Film score by Michel Legrand
- Released: November 5, 2018
- Genre: Film score
- Length: 72:51
- Label: La-La Land Records
- Producer: Michel Legrand

Michel Legrand chronology
| J'ai perdu Albert (2018) | The Other Side of the Wind (2018) | May December (2023) |

= The Other Side of the Wind (soundtrack) =

The Other Side of the Wind (Original Motion Picture Soundtrack) is the soundtrack to the 2018 film of the same name. It is composed by Michel Legrand whose score being the final one to be released after his death on January 26, 2019. La-La Land Records published the score on November 5, 2018.

== Background ==

"We wanted a ’70s score and in many respects that’s exactly what we got. Knowing Orson, knowing the period, he was being true to Orson, and true to the film"
— — Filip Jan Rymsza

The Other Side of the Wind marked Legrand's second collaboration with the late-American filmmaker Orson Welles, 44 years after scoring F for Fake (1974). Although he worked on that film, for more than a year, Welles told Legrand on another possible collaboration which the latter did not hear about that for forty years, but felt that the very subject of the film, touched him, which was the idea of the passage of time and the renewal of inspiration. Since the narrative consists of a film-within-a-film construction, Legrand felt it challenging to score several layers in the story, and the film's turbulent production for over forty years, resulting in being the film with the longest production time.

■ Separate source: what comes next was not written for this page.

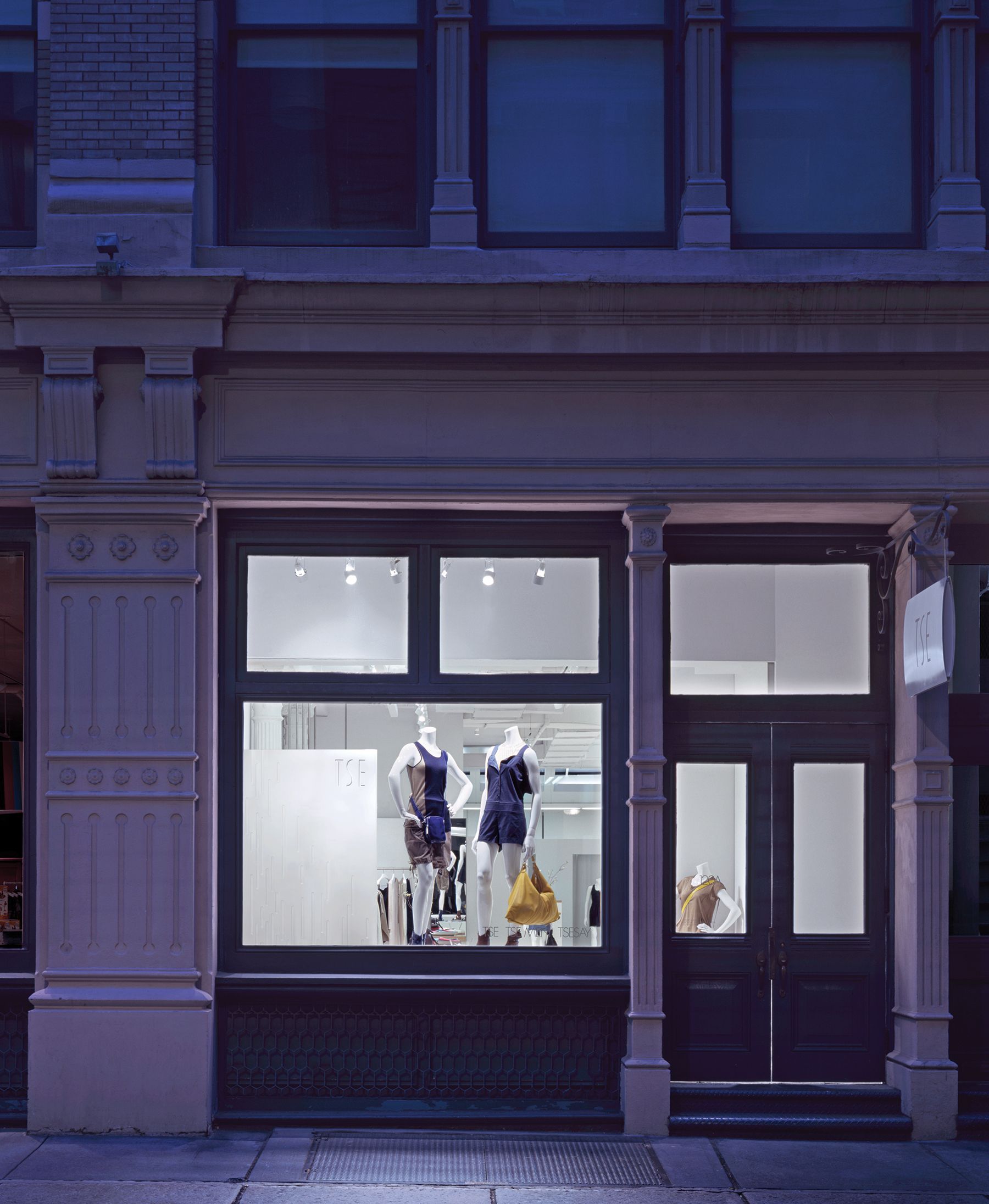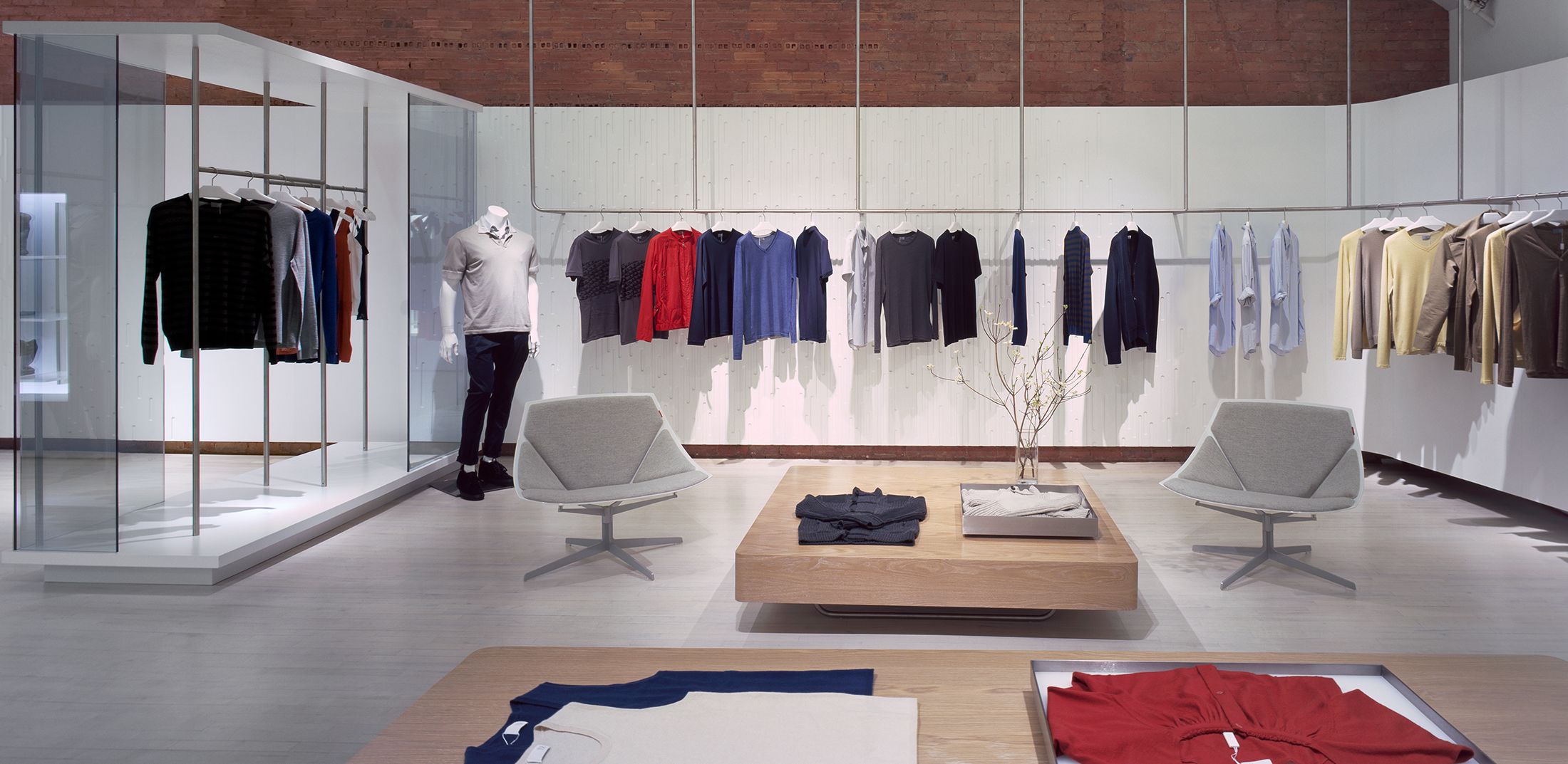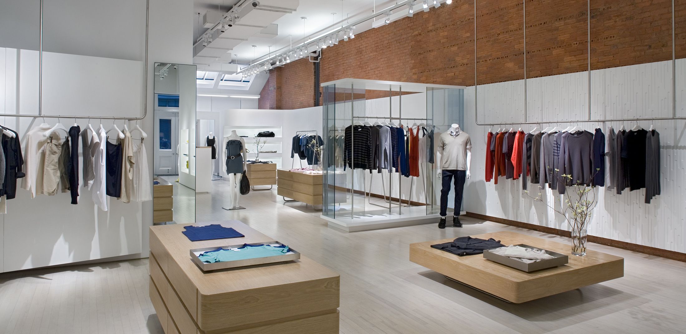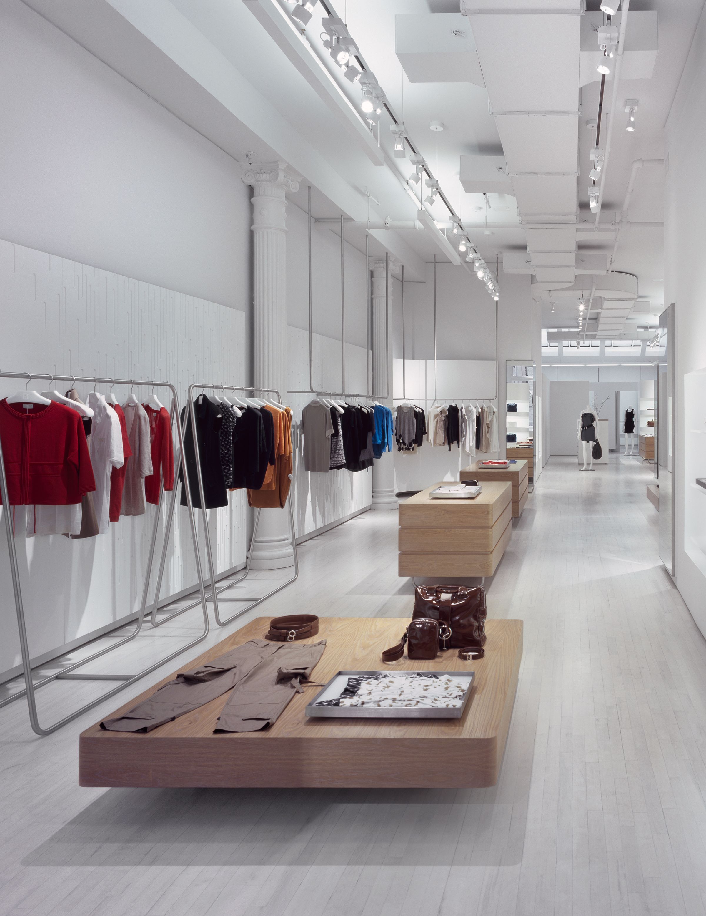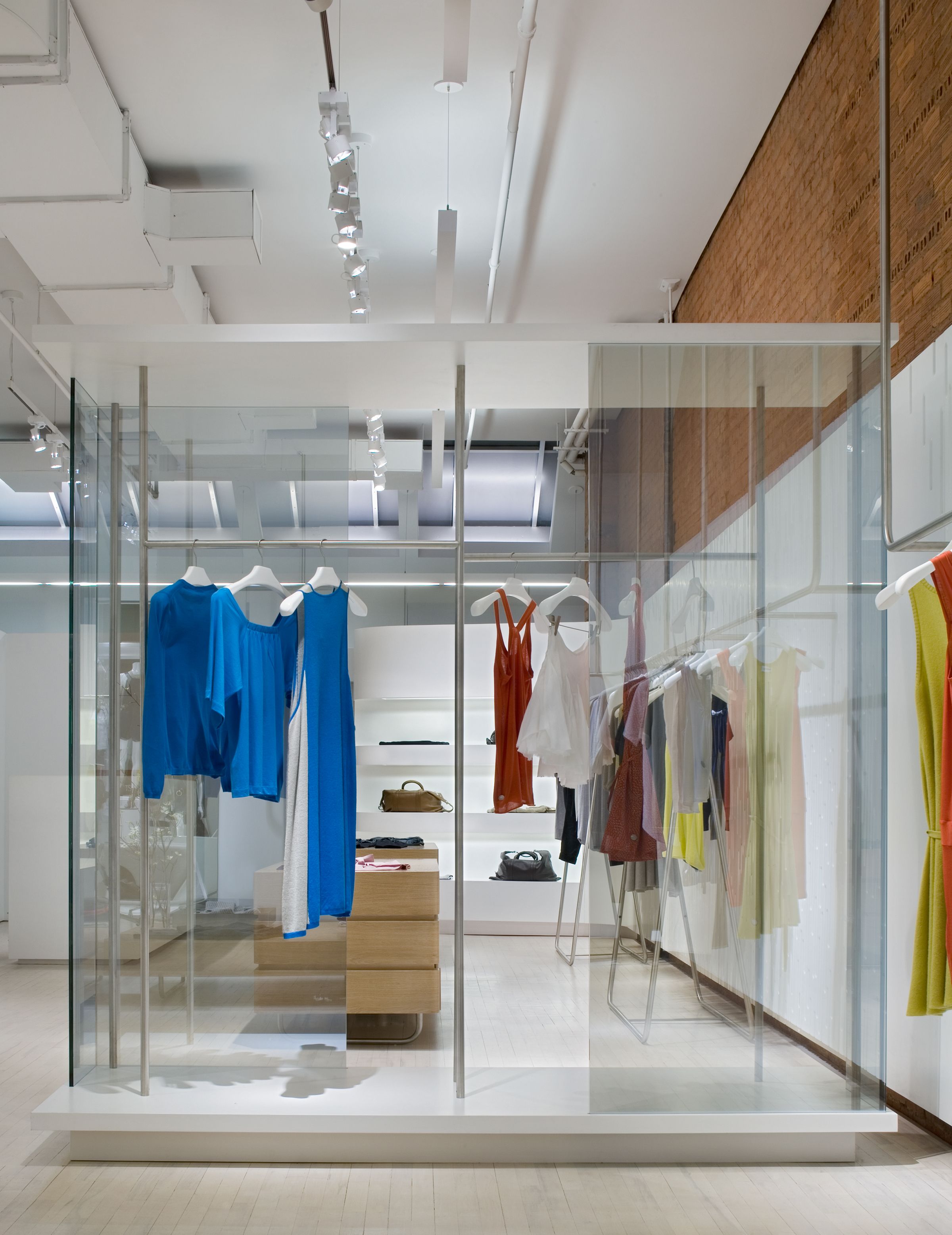 The design for this downtown Manhattan outlet of the high-fashion cashmere label TSE was born out of the aesthetic of a historic, quintessentially gritty Soho loft, now newly outfitted with modern, luxurious finishes. The boutique retains the brick walls, oak floors and exposed ductwork and piping of the original raw space, juxtaposing them with refined, highly lacquered, soft-white wall panels whose curving shape creates a ribbon effect throughout the store. The smooth finishes of these panels both contrast with and complement the rich, intricate textures of the cashmere. Lightweight display fixtures — made of gently arched, satin-finished stainless-steel bars — hang from the ceiling or stand in front of walls, giving the sense that the clothing is floating above the floor or in front of the lacquered panels, rather than simply hanging.

Welles' annotated script contained notes which had "mentions of jazz score" and several kinds of music at a party, according to producer Filip Jan Rymsza who realized that this could be used as a dramatic score. Since Legrand had hoped to score the film long ago, he enthusiastically accepted the offer, spending two months to create a score beginning January 2018, that encompass every aspect of the film: music for the party, film within a film and dramatic underscore for the film itself. Like the film, the music itself is unconventional, where Legrand broke the narrative into chapters of a novel and had written nearly two hours of music.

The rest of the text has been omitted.